Gunther Anders è stato un filosofo dalle posizioni decisamente radicali. Le sue idee sulle forme di lotta necessarie per impedire la corsa dell’uomo verso l’auto-distruzione nucleare erano molto precise: se si vuole fermare la rovina non sono le cose che devono essere colpite, ma le persone che di questa rovina sono responsabili. In un suo breve scritto ebbe a dire:

 

“4. Non vale la pena di minacciare i prodotti, giacché in essi è comunque già innata la “pulsione di morte”. Fino ad ora non ho assolutamente preso in considerazione il fatto che la distruzione dei prodotti (non solo quelli del nemico, ma anche i propri) rientra negli interessi del capitalismo, dato che tale distruzione è la condizione per la continuazione della produzione (la quale a sua volta richiede di essere prodotta). In breve, non ho considerato il fatto che tutti i prodotti (ammesso che con uno scherzo filosofico ci sia consentito attribuire loro una vita psichica) “desiderano” avere una vita tanto breve, quanto quella dei beni di consumo, e cioè di non esistere affatto; e dunque che la loro “pulsione di morte”, la loro speranza di sparire rapidamente, i loro impulsi tendenti verso quel fine rappresentano l’”inclinazione fondamentale” che agisce all’interno del sistema capitalistico.

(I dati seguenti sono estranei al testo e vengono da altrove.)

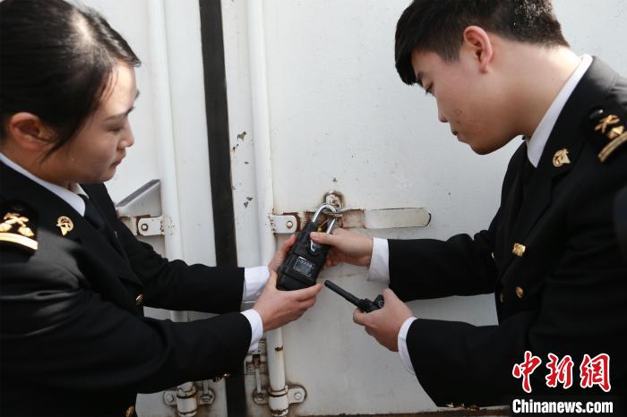 圖為港珠澳大橋海關(guān)關(guān)員對跨境一鎖貨物上的關(guān)鎖進(jìn)行驗核?!∮岵?攝

Se si riflette su questo, allora si esita a credere alla paura e all’indignazione dei signori dell’industria di fronte al sabotaggio. Al contrario, essi sperano nel sabotaggio, poiché questo in verità non è che una variante della loro planned obsolence (obsolescenza pianificata) una variante in cui la distruzione, che solitamente essi stessi preparano (appunto attraverso la premeditata fabbricazione della scarsa resistenza di questi prodotti), viene affidata ad altre persone: ossia a quelli che loro stessi assumono con l’etichetta di “facinorosi”” [1].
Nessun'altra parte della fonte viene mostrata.